Then the waiter came over and said, The two gentlemen want to know if you'd like a little business on your time off.
She looked past his shoulder and greeted them with her eyes.
The waiter winked at the grocers and said to her, Pick up a little business while you're here and you won't have to give the money to your amah. Just slip me some extra change for the tea and we'll call it even. Come on now, lift your head, let them see you. He pointed to the back of the room, which was hidden in shadow, and added, We've got an opium den back there with no customers right now. He got straight to the point: Look, you're not doing anything anyway.
She looked at the two cabbage yellow faces again and gave them a big smile. Torn, she shook her head and said, I'm just taking it easy before I go.
The waiter was just about to try again when another customer walked in, a little white devil in his teens. His riding boots were covered with dust, but his white shirt and pants were spotless. He wore a blue cloak draped over his shoulders and a riding cap, his blond hair visible under the brim. He could have walked right out of an illustration in a book. The dingy Chinese teahouse suddenly formed a most absurd backdrop for him.
He noticed Fusang as he headed toward a table and abruptly turned and approached her.
She drew in her hands and feet. Languor from the sunlight weighed upon her body. She tried to think. Who is this little white devil? She looked at him as if she was struggling to extricate herself from a dream.
He froze at his sudden luck. He'd been looking for her for two years. He'd never stopped looking for her. His memory of her was so intense it had become a void that nothing else could fill. Now he realized she was even stranger than the woman he'd seen at twelve. The peach- pink of her silk blouse bled into the drabness around her.
As she watched him sit down, she tried not to keep thinking, Who is this little white devil?
Do you still remember me? Chris asked her. All the johns asked this; all of them hoped like this.
She said, Mmm.
He stared at her intently as he took off his cap. Now he was almost a head taller than she was, as tall as a grown man. His limbs were long and lanky and all his joints seemed oversized. He had the neck of a child, but the Adam's apple of a man. He put his elbows on the table, noticed the filth, and pulled them back. He was as flustered as a child.
I looked for you, he said.
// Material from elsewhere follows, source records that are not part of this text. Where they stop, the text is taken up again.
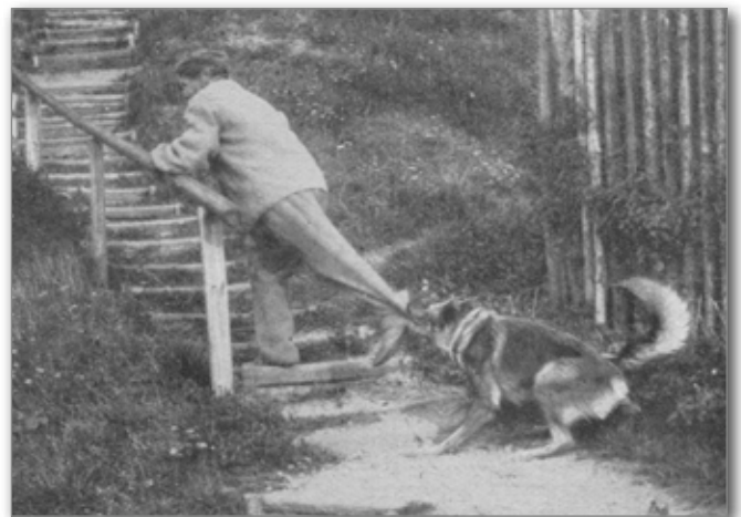
Der Hund vereitelt die Flucht des aufgespürten Täters und hält ihn am Hosenbein fest.
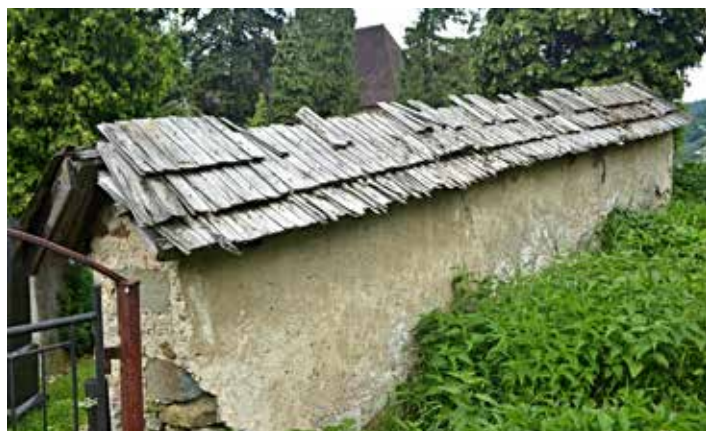
Poškodený ohradový múr a drevený šindel'

Realizáciou rekonštrukcie ohradového múru sa zlepši stavebno-technický stav ďalšej národnej kultúrnej pamiatky v meste Banská Štiavnica
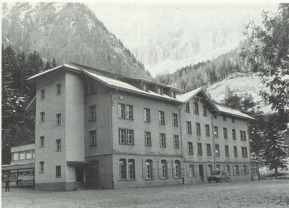
Die Kandersteger Kaserne «Bären» dürfte dem einen oder anderen Ex-Wehrmann noch in bester Erinnerung sein.

die Mitwirkung von einheimischen Fachleuten zählen.
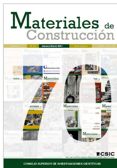
Figura 2. Portada actual de la Revista (2021).
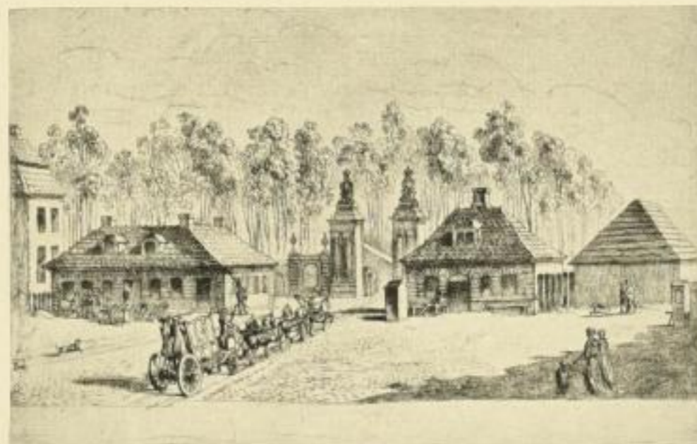
E. 39. Das Brandenburger Tor in Berlin

Wir übernehmen den Verlag der Kupferstiche von Daniel Chodowiecki. Der hier angezeigte Katalog verzeichnet die lieferbaren Blätter, die mit 40% rabattiert werden.
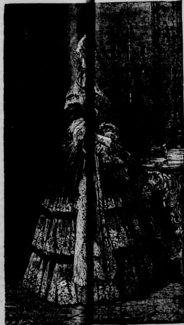
MARIE-AMÉLIE, FEMME DE LOUIS-PHILIPPE
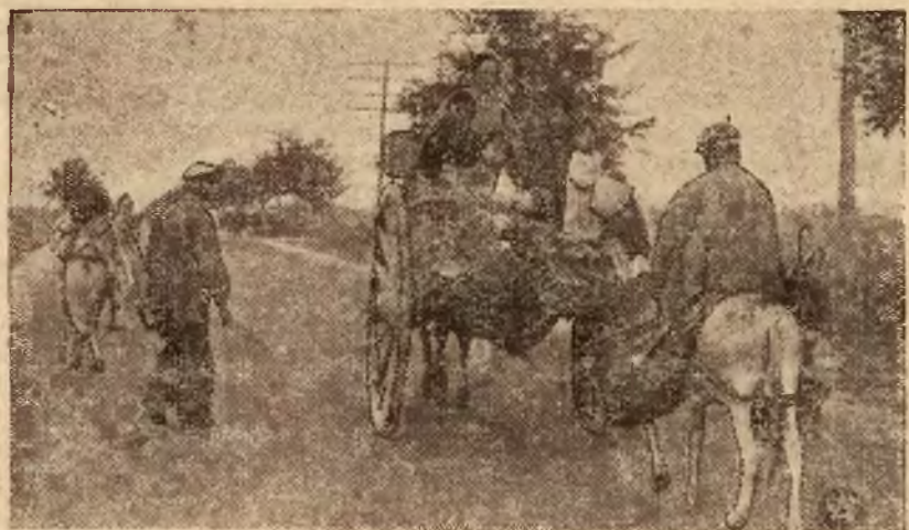
Nieszczęśliwa ludność hiszpańska, uciekająca z terenów bezpośrednich walk.

W walkach w Oviedo odgrywają decydującą rolę auta pancernie obsadzone przez górników. Za samochodami najężonymi karabinami maszynowymi posuwają się górnicy, uzbrojeni w bomby i naboje dynamitowe, wypierając granatami ręcznymi i rzucanymi ładunkami dynamitowymi powstańców ukrytych w poszczególnych domach.
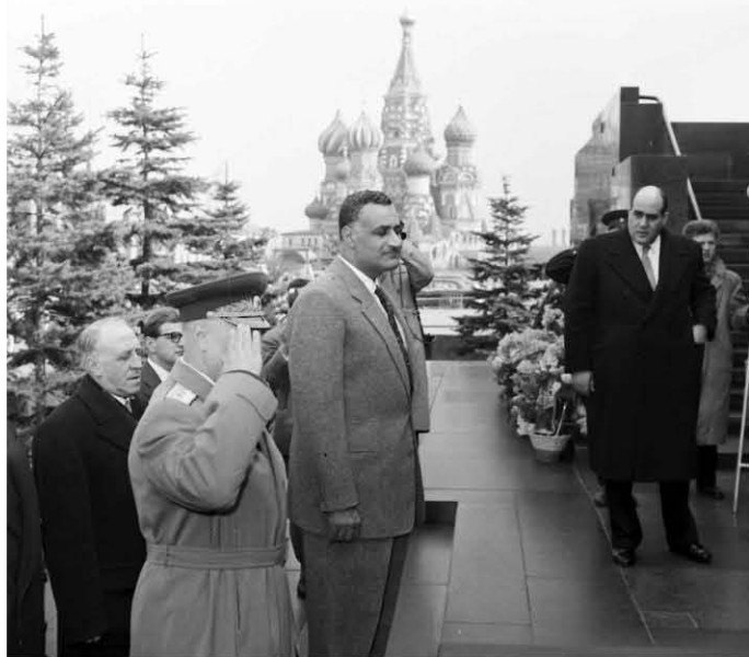
الرئيس جمال عبد الناصر يزور ضريح لينين أثناء زيارته للإتحاد السوفيتي يرافقه الرئيس الروسي فورشيوف
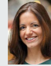
Kristina Frank Oberbürgermeister- kandidatin der CSU

Als Münchner Kindl habe ich schon als kleines Mädchen angefangen, überall herumzukraxeln, wenn mich meine Eltern mit in die Berge genommen haben. Je älter ich wurde, desto anspruchsvoller wurden meine eigenen Touren. (...) Ich mache gern viel Sport, um körperlich und mental frisch zu sein. Da sind Ausflüge in die Berge immer eine wunderbare Gelegenheit, die Schönheit der Alpen zu genießen und Kraft zu tanken. (...) Natürlich bin ich auch schon lange Mitglied im Alpenverein. Das ist für mich als Münchnerin Ehrensache.
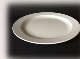
Flachteller Ø 258 mm 41 228 0090
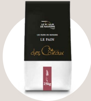
Les pains de Navarre
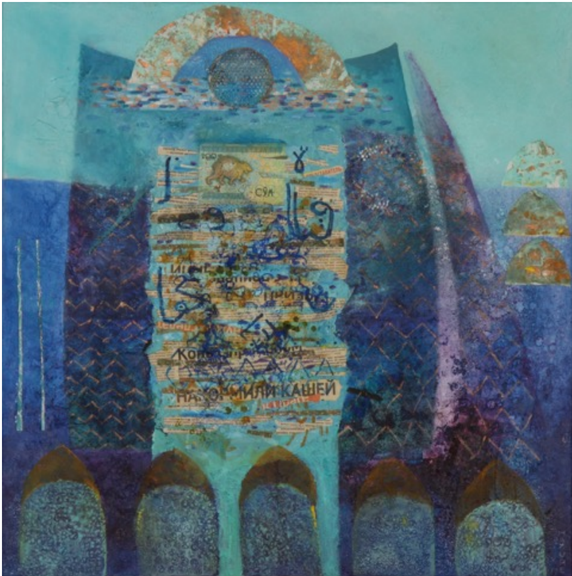
Denkend aan Oezbekistan, 1970, 70 x 70 cm.
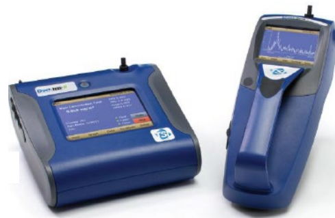
デスクトップ(ポータブル)型
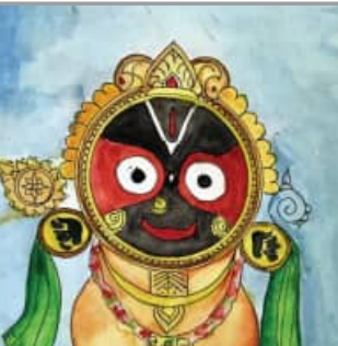
ଅଭିକାଶ ସାମ ଦଶମ ଶ୍ରେଣୀ ବଲାଙ୍ଗିର ପବ୍ଲିକ୍ ସ୍କୁଲ ବଲାଙ୍ଗିର
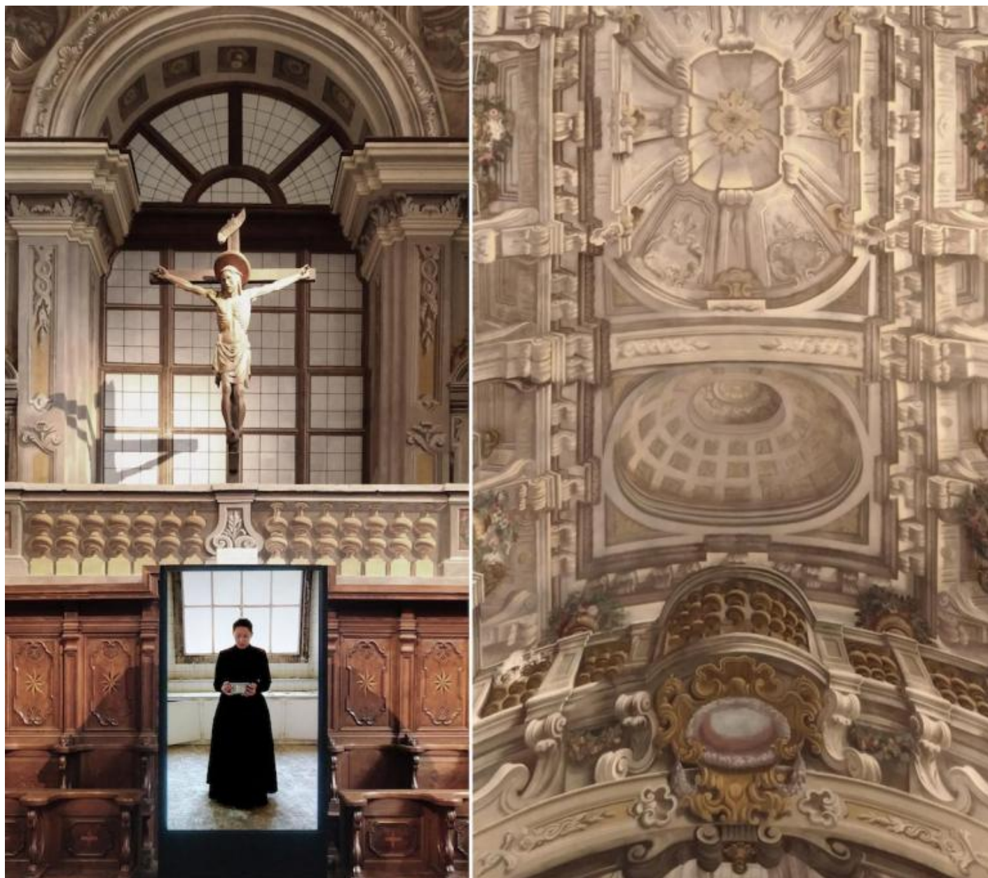
Opera video The Kitchen V, Carrying the Milk, della serie The Kitchen, Homage to Saint Therese, esposta nel coro della chiesa di S. Maria Maddalena ad Alba - Soffitto del coro con affreschi.
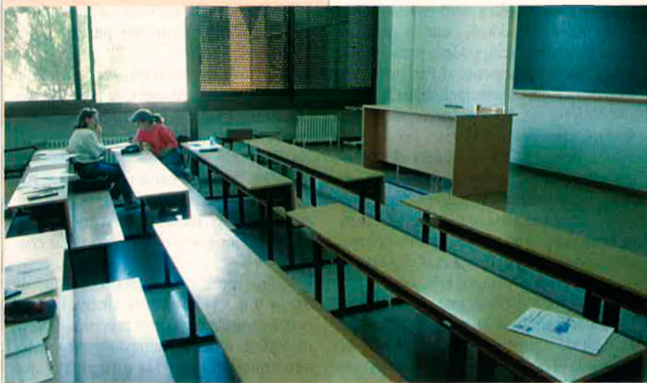
La Jaume I de Castelló, una universitat pilot per a la transformació.
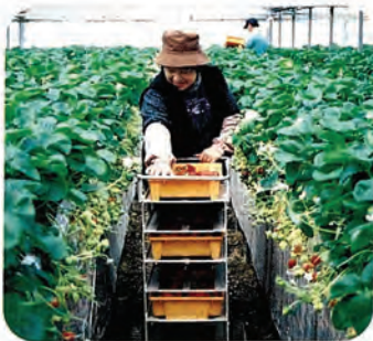
ベンチ栽培での収穫の様子

それから100年近く経った昭和24年ごろから佐々町神田地区で露地栽培が始まりました。その後、ビニールの登場によりトンネル栽培を取り入れ、ハウス化へとすすみ、町内に普及していきました。現在では「ベンチ栽培」という新しい栽培法も取り入れられています。
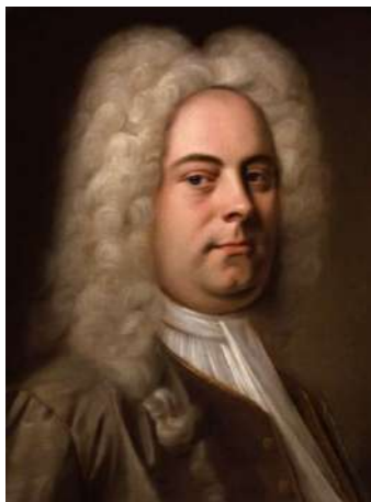
1. Георг Гендель

16. Рассмотрите портреты 3х композиторов. Напишите полное имя того из них, кто был великим современником героя видеофрагмента: _____;
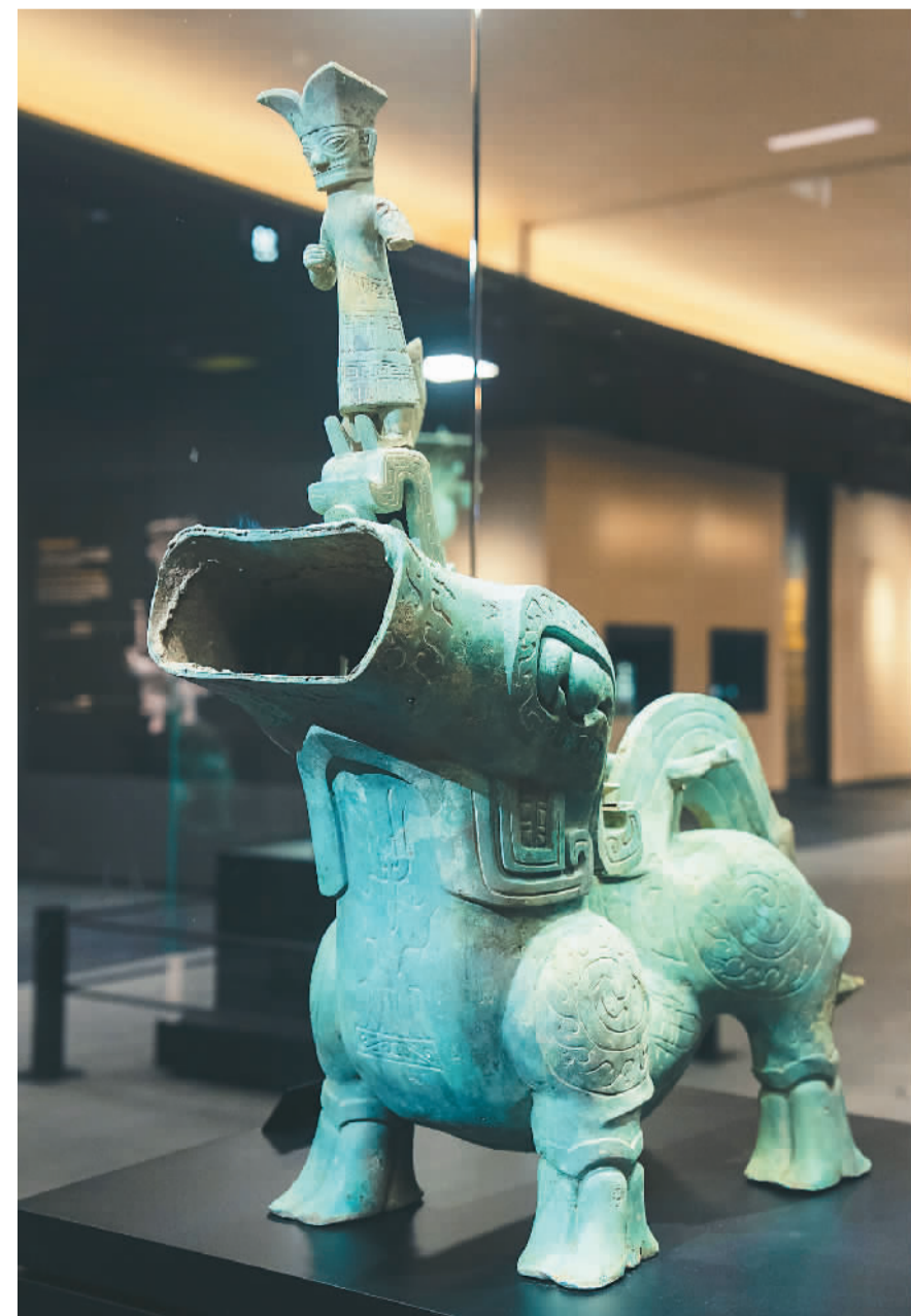
▲三星堆八号坑出土的青铜神尊。

2019年以来，三星堆遗址新发现三号至八号祭祀坑。这6个坑的考古发掘采用多学科融合、多团队合作的方式，搭建恒温恒湿的考古工作舱，综合运用多种高科技设备，并在考古现场设立应急保护实验室，将文物保护贯穿整个发掘过程。据介绍，目前除五号坑外已全部清理完毕，出土象牙、青铜器、金器、玉器文物1.7万余件。
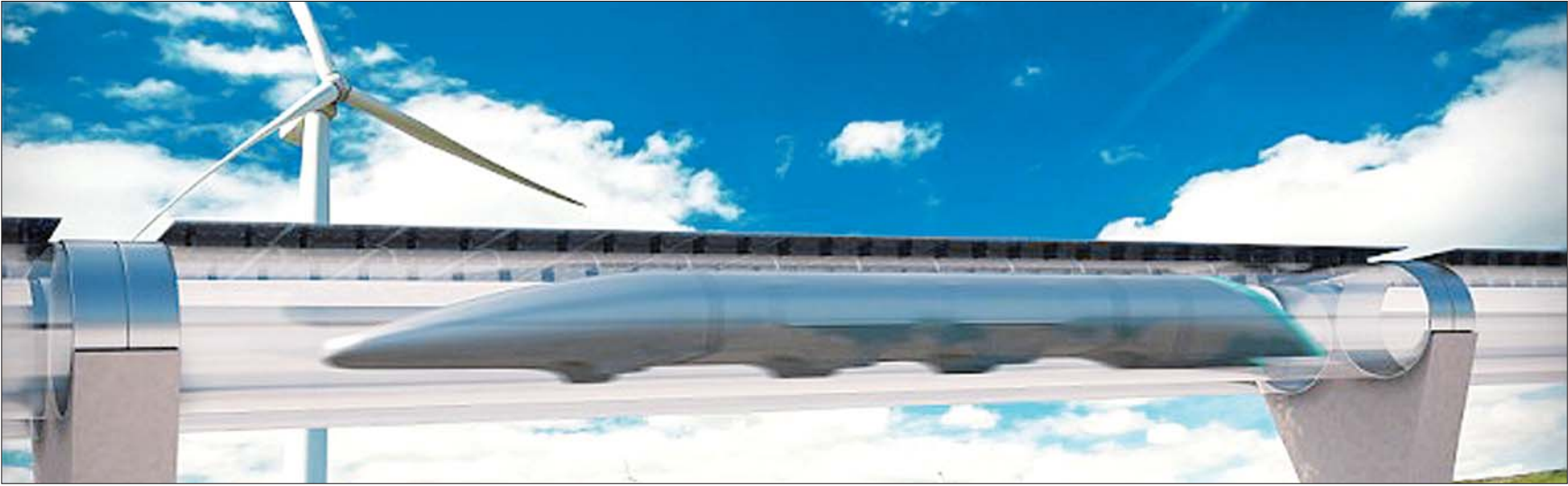
美国超级高铁在高架管道里运行的想象图。
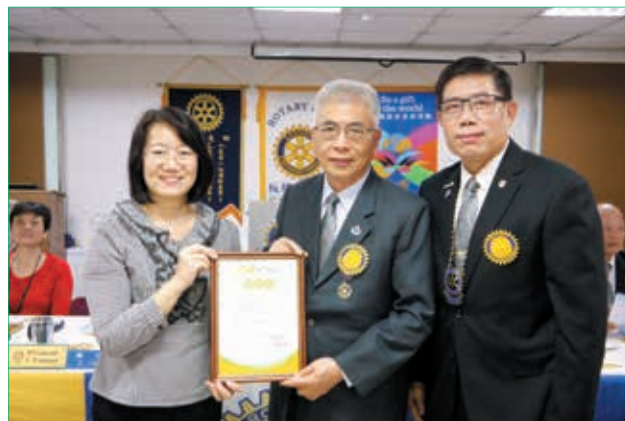
蘇院長回贈感謝狀
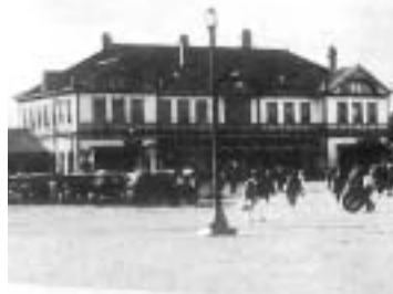
昭和17年当時の函館駅前

今でもはっきり憶えていることがある。昭和20年終戦の年、私は柏野小学校の6年生だった。学校では空襲警報発令の時兄弟が集まって下校する練習をよくやった。私は越境入学していたので、本町の自宅まで一人で帰った。ある時母が学校に呼び出されて、吉岡方面に集団疎開をするのだけれど食糧がない状態なので、出来れば知り合いへ縁故疎開をしてほしいといわれた。結局遠縁にあたる函館から当時の汽車で5時間位の倶知安の近くの目名へ疎開することになった。勉強道具をランドセルに詰めて着替えは母が背負って、市電にも乗らず函館駅まで30分位かかって歩いた。まもなく空襲警報のサイレンが鳴り警防団の人の指図で函館駅前の防空壕へ、みんなが我先にと入った。その時母は私を引っぱって家へ帰ろうと言った。急いで見つからないように家の方へ戻った。私達は市電の線路を走るようにして歩いた。途中何度も警防団のおじさん達に「どこを歩いているのだ、軒下を歩け。」と怒鳴られて家にたどりついた。その日、家から駅の方を見ると飛
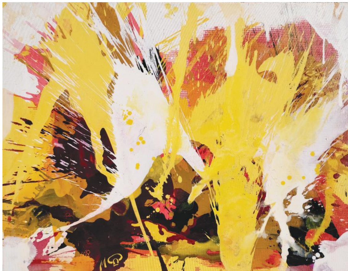
EUFORIJA II 85 x 110 cm akril na platnu 2022.
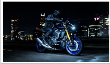
Yamaha MT-10 SP.
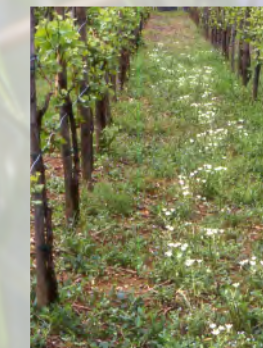
Dolden-Milchstern zwischen Weinreben

die enge Zusammenarbeit mit örtlichen Landwirten ein zentrales Anliegen im Projekt. In dem 2005 veröffentlichten Karlstadter Positionspapier zum Schutz der Ackerwildkräuter wird auf Grundlage der aktuellen Problematik die Forderung nach neuen, nachhaltigen Schutzkonzepten aufgestellt.

His voice was still changing and cracked with awkwardness.
My name is Chris, he continued.
Chris, she repeated with a smile.
He smiled back and said, You still say my name that same cute way.
Remembering suddenly, Fusang said, You comed with your uncle. She said this twice in a row. Like all Chinese prostitutes, she spoke English like a two-year-old, with cute little syllables at the ends of words.
He winced and shook his head, his hurt laced with the affront of being mistaken for someone he wasn't by a grown-up.
Fusang said, I'm sorry.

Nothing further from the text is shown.